ANA head says overtime puts patients at risk
ANA head says overtime puts patients at risk
Mandatory overtime is compromising the care provided by registered nurses and putting patients at risk, according to American Nurses Association (ANA) president Mary Foley, RN, MS, who recently issued a warning that called the long work hours "an alarming trend" among hospitals.
"More and more hospitals are forcing registered nurses to work mandatory overtime, placing both patients and nurses at increased risk," Foley says. "Nurses should never be forced to work excessive overtime, especially when they are tired, overworked, and have others depending on their arrival at home."
Foley tells Healthcare Risk Management that long hours can make it difficult for nurses to provide the sophisticated thinking, decision making, and technical skills required in delivering quality patient care. Regularly forcing RNs to work 16 hours or more at a stretch is dangerous, she says, and her recent warning to consumers was intended to alert the American public to that practice and the risk it presents to patients.
"Of course, real emergencies happen, and nurses can always be counted on to respond, but using excessive mandatory overtime as a way to deal with ongoing staffing shortages is wrong," she says.
Foley notes that the staffing issues come on the heels of the Institute of Medicine’s (IOM) report on medical errors, which found that, in the United States, between 44,000 and 98,000 patient deaths per year are due to medical errors. The IOM recommends that part of the solution rests in developing safe health care systems that address work hours, workloads, sufficient staffing and personnel support, and shift assignments as well as the impact on patient care when nurses work beyond their ability to provide safe and quality services. Foley calls it "absolutely derelict, in light of the IOM’s findings and recommendations, that hospitals are still willing to jeopardize patient care."
Many hospitals claim a nursing shortage as the reason to mandate overtime. While an RN shortage is a real issue in some areas, Foley says there are ways to address staffing that do not force RNs to work long hours. Mandating excessive overtime is a calculated business practice aimed at saving hospitals money, she says, at a time when hospitals are reporting profit margins higher than they have enjoyed in the past.
Recent American Hospital Association data show the nation’s hospitals reporting record profits of $21.9 billion, giving them a profit margin of 6.6%, the second highest aggregate margin ever. Hospitals reduce expenses — thus increasing profit — by employing insufficient numbers of nurses and minimizing the number of employees who are paid benefits, Foley says. Hospitals routinely keep too few RNs on staff to provide appropriate coverage or address fluctuating patient care needs, she says.
"ANA supports the RNs currently on strike in Nyack, NY, and in Worcester, MA, who have gone out in protest over mandatory overtime," Foley says. "It is never easy to decide to strike, but, as we have seen time and time again, RNs are forced to take this action when hospitals fail to support safe standards of nursing practice. These nurses are on strike to protect both their own health and well-being and the unsuspecting patients who assume that hospitals provide safe, quality nursing care, not exhausted, overworked labor."
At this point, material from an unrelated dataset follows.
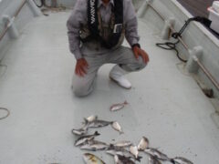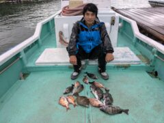 2025.09.12浅生様 48センチ〜5枚 餌サナギ、オキアミ キビレ1枚
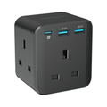 مقبس جداري باورولوجي بثلاثة مخارج مع شحن سريع USB - أسود

The New York State Nurses Association and the Massachusetts Nurses Association have advised Nyack Hospital and St. Vincent Hospital, owned by for-profit Tenet Health Care Corp., to reduce the mandatory overtime.
"Tenet, like many hospital organizations, is quite profitable," Foley says. "Its recently released third-quarter earnings report shows a 23% rise in net profits over the same period last year. While realizing that kind of profit, Tenet still insists on the right to require as much as eight hours of mandatory overtime, even following an original eight-hour shift. This practice forces some RNs to work up to 16 nonstop hours."
Foley says nurses who refuse the overtime can be threatened with losing their jobs or licenses under an alleged patient abandonment charge. She labels that threat "blatant intimidation."
"Nurses themselves know that working while exhausted will increase the risk of committing an error that harms a patient or predisposes themselves to injures — like needlesticks — on the job," she says. "However, when threatened with job loss or action against their license, some nurses feel obligated to stay."
Hospital managers who rely on mandatory overtime ignore general standards and acceptable practices that relate to public safety and well-being, Foley says. She suggests that hospitals should be required to follow the same sort of rules that the public transportation, airline, and trucking industry use regarding shift lengths and the amount of rest an employee must have before coming onto an assignment.
The ANA encourages consumers to inquire about nursing staffing before being treated at a hospital.